Gene regulation is exerted by cooperative interactions among TFs that binds to clusters of sites within cis-regulatory regions. Distinct cis-regulatory modules direct reporter expressions selectively in a particular cell/tissue specific manner are likely to interact with similar set of TFs and thus defining the TFBSs code for co-expressed genes. In this respect, given the abundant set of experimentally defined regulatory sequences, which is sufficient to direct expression of a reporter gene in a cell-specific pattern and list of TFs that are known to be relevant to that tissue, it is possible to construct biologically relevant, tissue specific, complex heterotypic TFs cluster model. Under this assumption, among the CNE-enhancers linked to their target genes we analyzed the large subset of regions that direct gene expression selectively to CNS and defined combinatorial heterotypic interactions of multiple TFs that are likely to bind to typical CNS specific cis-regulatory module. This analysis not only figures out the generalized structure of typical CNS specific enhancer, but has established TF interaction network that can be used as training data set for large scale identification of CNS specific enhancers.
In vivo dataset
Experimentally verified catalog of human enhancers which is the basis of this study was obtained from VISTA Enhancer Browser . The core dataset of the VISTA Enhancer Browser consists of experimental in vivo data of human and mouse tissue-specific enhancers . These enhancer regions were initially identified by evolutionary sequence conservation or by ChIP-seq . Subsequently these putative enhancer sequences are tested in a transgenic mouse assay to validate their in vivo function and to determine their tissue specificity . Elements that show reproducible and consistent LacZ reporter gene expression among at least three mouse embryos are presented as positive enhancers elements, whereas elements for which no reporter expression is observed among a minimum of five transgenic embryos are defined as negative . The dataset of positive embryos is reported comprehensively in terms of sequence coordinates, flanking genes, annotated expression patterns and details of reproducibility of each structure, images of individual embryos, and series of histological sections . Currently this database host experimentally confirmed 975 human enhancer sequences, directing reproducibly the reporter expression in diverse set of embryonic domains at embryonic day 11.5. We restricted our analyses to 192 human-teleost fish conserved sequences (Table 1, for detailed list see Additional file 1: Table S1). For each of the candidate enhancer element, we retrieved from VISTA enhancer browser information such as, genomic sequence, VISTA enhancer ID, conservation depth, and name of neighboring genes, tissue specificity and image data (Additional file 3: Table S2).

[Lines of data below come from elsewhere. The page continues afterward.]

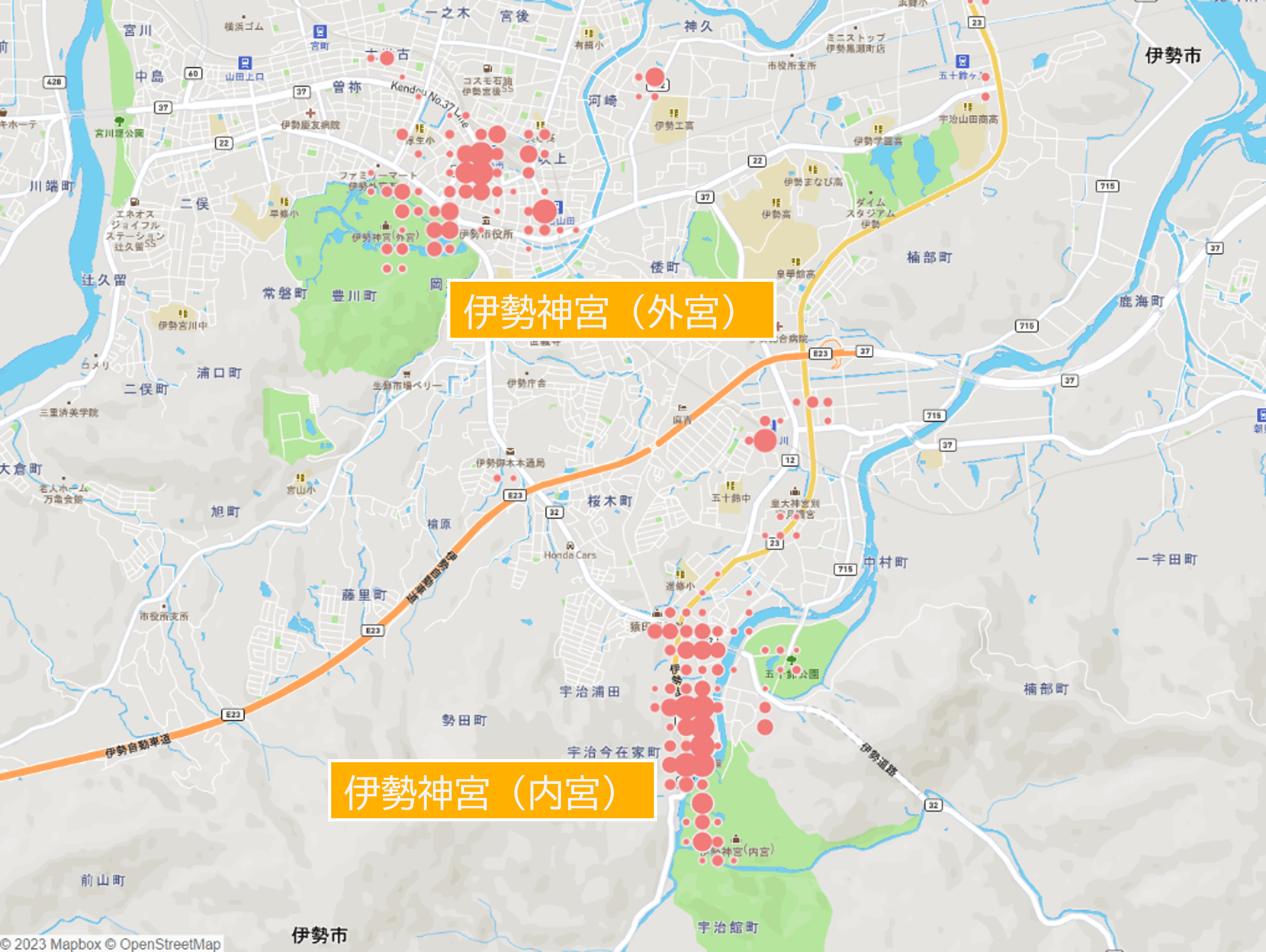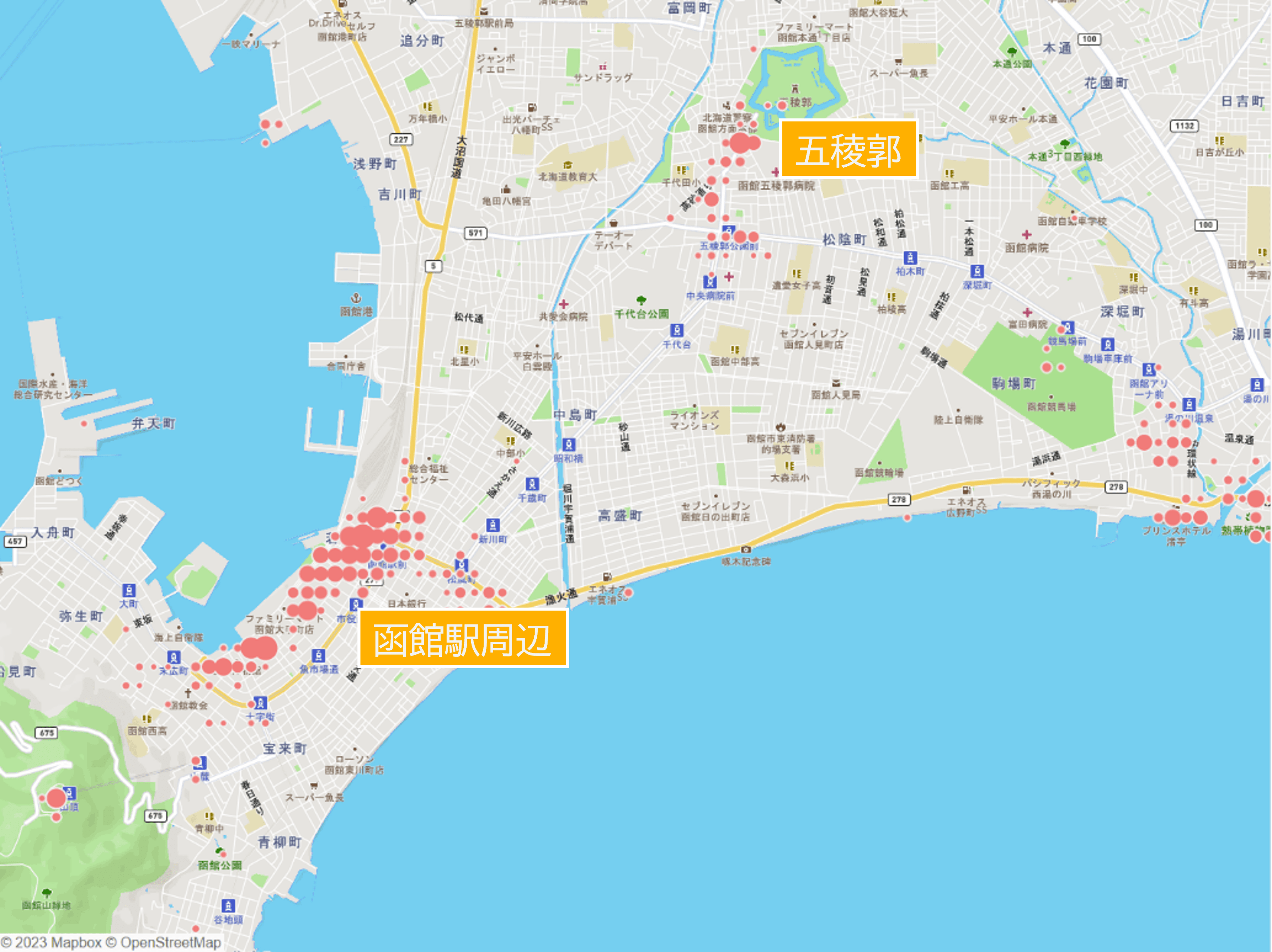 観光スポットもしくは宿泊エリアのみに点が現れており、上記以外の観光地と照らし合わせてもプロットされているため、おおむね点は、旅行客を捉えていると考えられます。
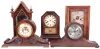 Clocks- 12 (Twelve) Wood Case Mantel: an assortment of 8 day and 30 hour clocks, many striking, with makers including New Haven, Waterbury, Gilbert, Seth Thomas, Atkins, and others in tambour, steeple, walnut parlor, octagon top, cottage and other cases.
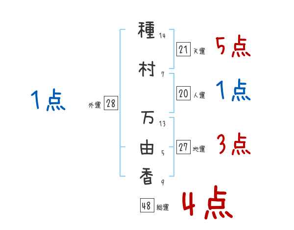 外運![]() | 種村万由香さんの外運は28画の1つ星!家庭環境に注意。スポーツで活躍できる能力があるかも。 生活面を象徴する運勢です。外部から受ける影響力を表し、結婚運、家庭運や職場、環境への順応性を表します。 |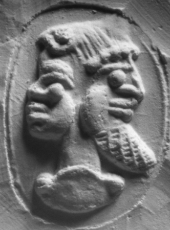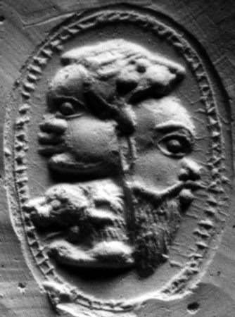 37/32 Sotheby, 11.7.1966, no. 200. BH. Bearded head, its beard a whole bird; above, a satyr head, behind, a African head and boar forepart. Compare London no. 428.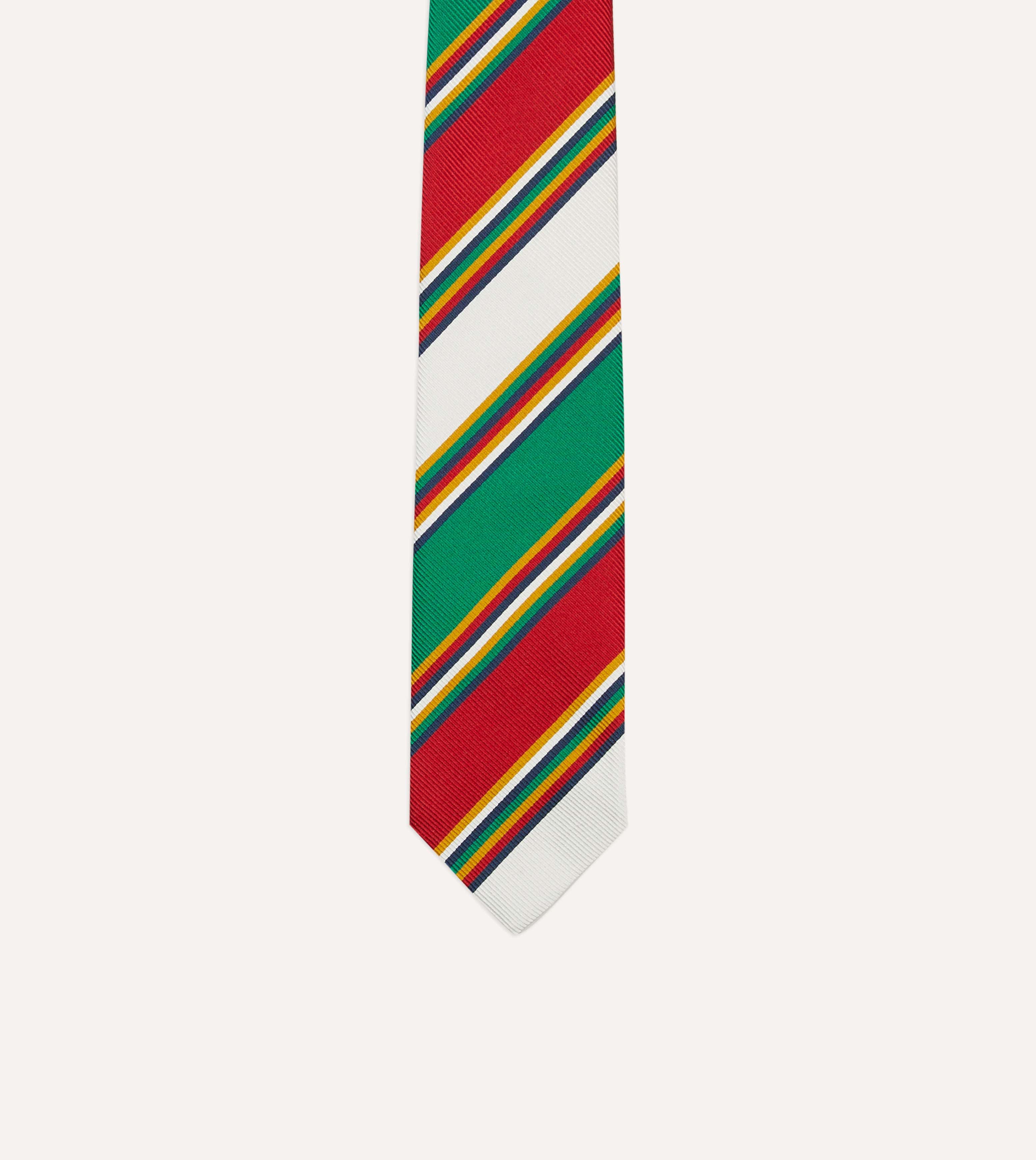 Green, Red and White Stripe Mogador Silk Tipped Tie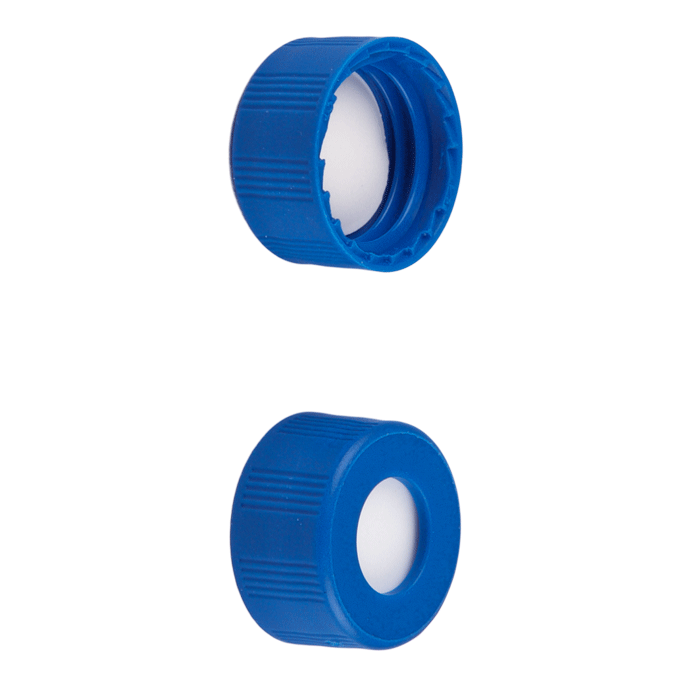 Our screw top caps are designed for use with 9-425mm thread, 12x32mm autosampler vials, providing a reliable and secure seal. The non-slit, white PTFE liner and white silicone rubber septa are fitted in knurled polypropylene blue caps, ensuring durability and ease of use.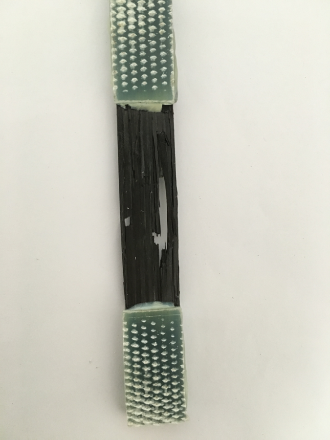 首先这是典型的单向带增强树脂基复合材料0度拉伸不理想的一种断裂模式,却是很常见的。理想的失效模式应该是工作段纤维基体完全碎裂分离,呈扫帚状。出现这种异常失效模式可能原因如下: 1、夹持部位应力集中过大,易断在加强片根部。如夹持力过大等; 2、拉伸载荷不能被均匀传递,受载大的部位首先开裂。如加强片厚度不均匀,厚的地方夹持力大等; 3、试样制备不好,纤维分布不均匀。如纵向局部纤维褶皱导致各处纤维承受拉伸载荷不同步;横向不均匀导致各处抗拉强度不同等‘ 4、试样对中不够,出现偏轴加载等。 总之出现这种现象的主要原因是材料制备和试样加工问题,试验问题仅占很小的比例。 |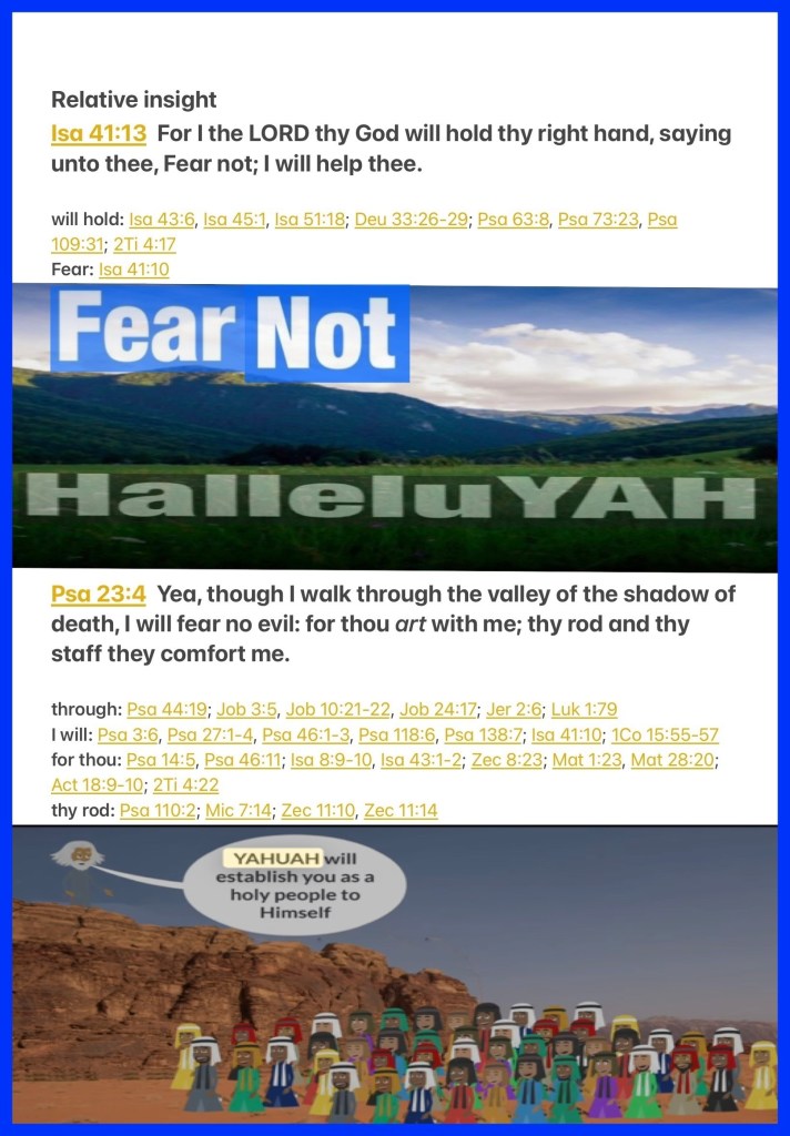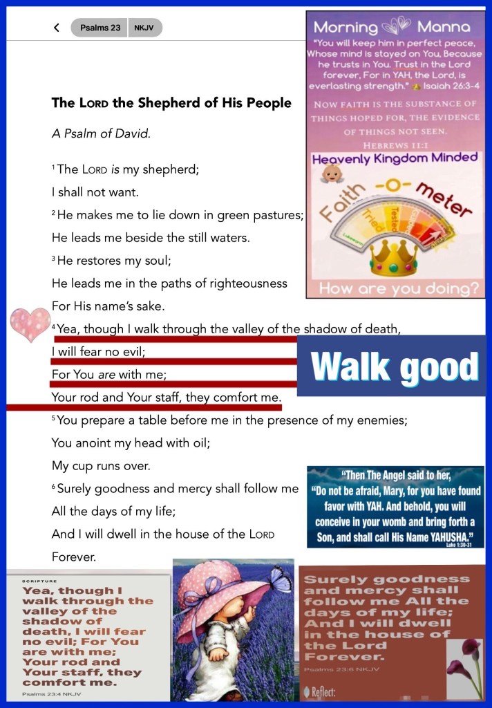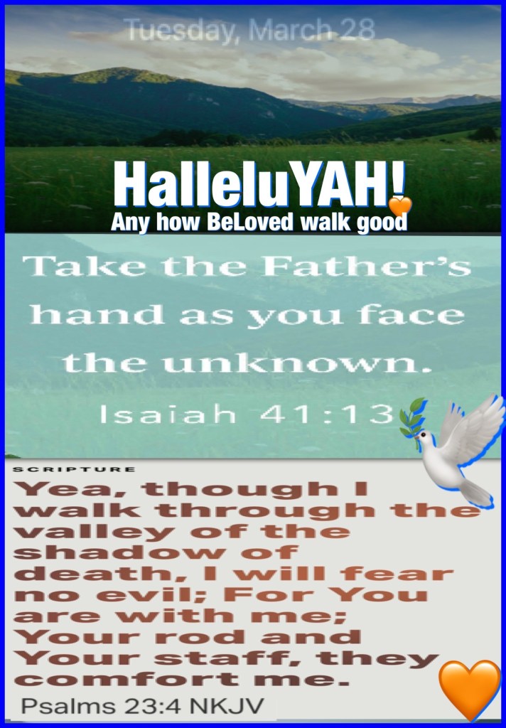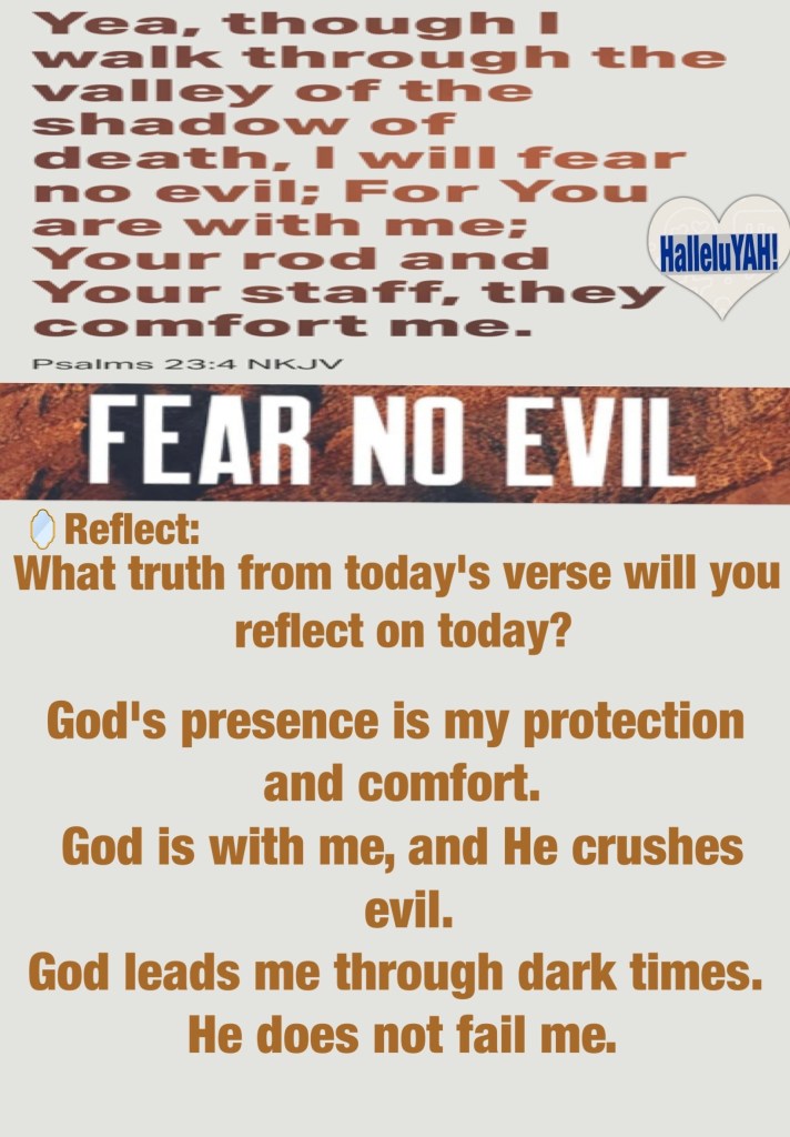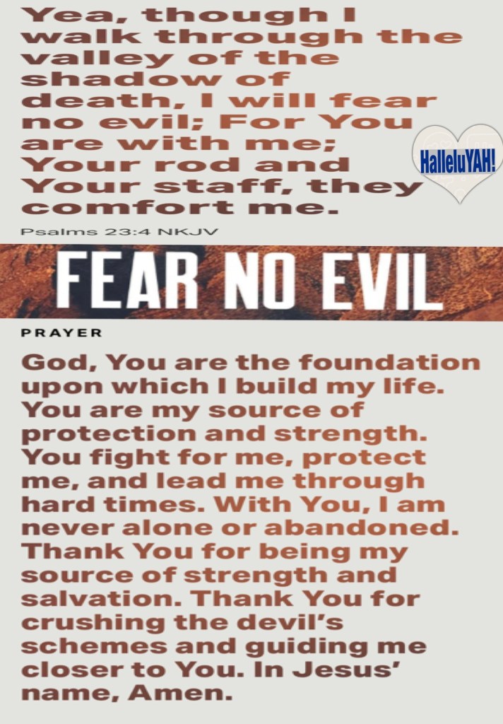 “For I, The Lord your God, will hold your right hand, Saying to you, ‘Fear not, I will help you.’” Isaiah 41:13 “Yea, though I walk through the valley of the shadow of death, I will fear no evil; For You are with me; Your rod and Your staff, they comfort me.” Psalms 23:4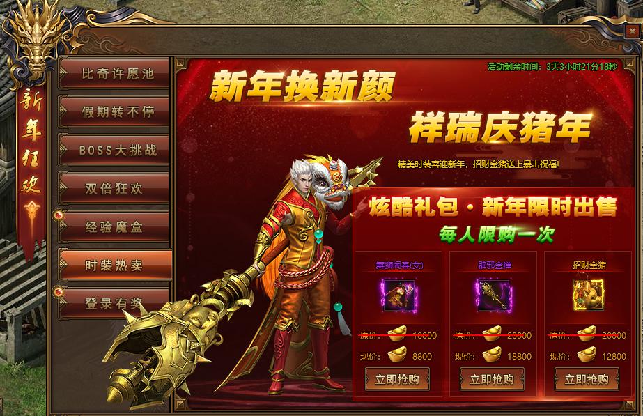 活动规则:活动期间,多种boss,任意挑战!顶级装备,等你来爆!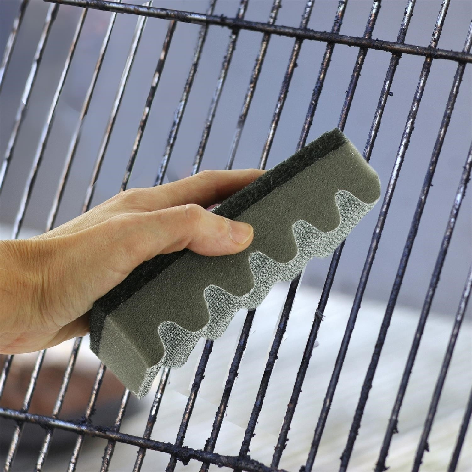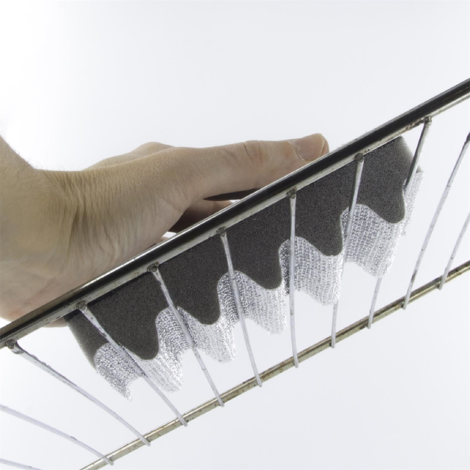 Hubka na čistenie roštu sa osvedčí nielen pri grilovaní, ale aj pri čistení domácej rúry. Hubka z jednej strany je vybavená zvlnenou, kovovou štruktúrou, ktorá dokonale čistí každú priečku roštu. Druhou, mäkšou stranou hubky môžeme utrieť jemnejšie časti rúry a grilu.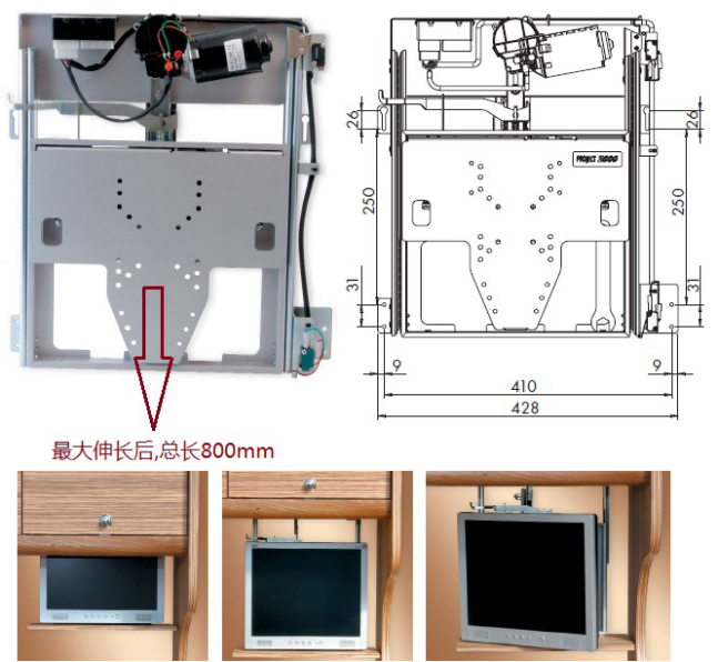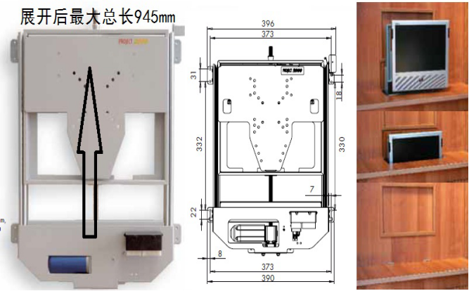 70840 顶柜暗藏下行可调角度电视支架(12VDC,36W,可左右转角23゜,可选遥控操作) |

Assigning the target gene to human CNE-enhancers
In order to associate each of the selected subset of human CNE-enhancer with their bona fide target gene, we analyzed the neighboring genomic context using the UCSC  and Ensembl genome browsers  and drafted a locus map depicting the flanking genes spanning at least 2 MB interval on either side of CNE-enhancer (Additional file 2: Figure S1). The sequence similarity of selected subset of CNEs between the human and the teleost fish genome suggests that they are functional in both lineages. It would be appropriate then to speculate that the target genes would also be the same in both species. Given this assumption, comparative picture of these CNE-enhancers bearing human synteny maps was observed in currently available teleost genome (zebrafish, tetraodon, stickleback, medaka and Fugu) by using Multi-species view option at Ensembl genome browser . This allowed us to map carefully the genomic context of evolutionary conserved human enhancers in corresponding zebrafish, tetraodon, medaka, stickleback and Fugu loci (Additional file 2: Figure S1). Among these anciently diverged genomes (human-teleost fish, >450 Mya) uninterrupted physical linkage between CNE-enhancer and one or more neighboring genes was taken as an evidence of functional association (Additional file 1: Table S1 and Additional file 2: Figure S1). To further confirm these associations, for one or more genes depicting evolutionary conserved physical association with CNE-enhancer, the endogenous expression pattern of the mouse ortholog was obtained from MGI . We preferred available gene expression obtained by RNA in-situ hybridization. Reporter gene expression induced by the selected CNE-enhancer is also captured from the VISTA enhancer browser database . We manually compared the image data of transgenic mouse embryos expressing LacZ reporter gene under the influence of CNE-enhancer element with the RNA in-situ hybridization based endogenous expression data of genes residing in the neighborhood of enhancer sequence (Additional file 3: Table S2).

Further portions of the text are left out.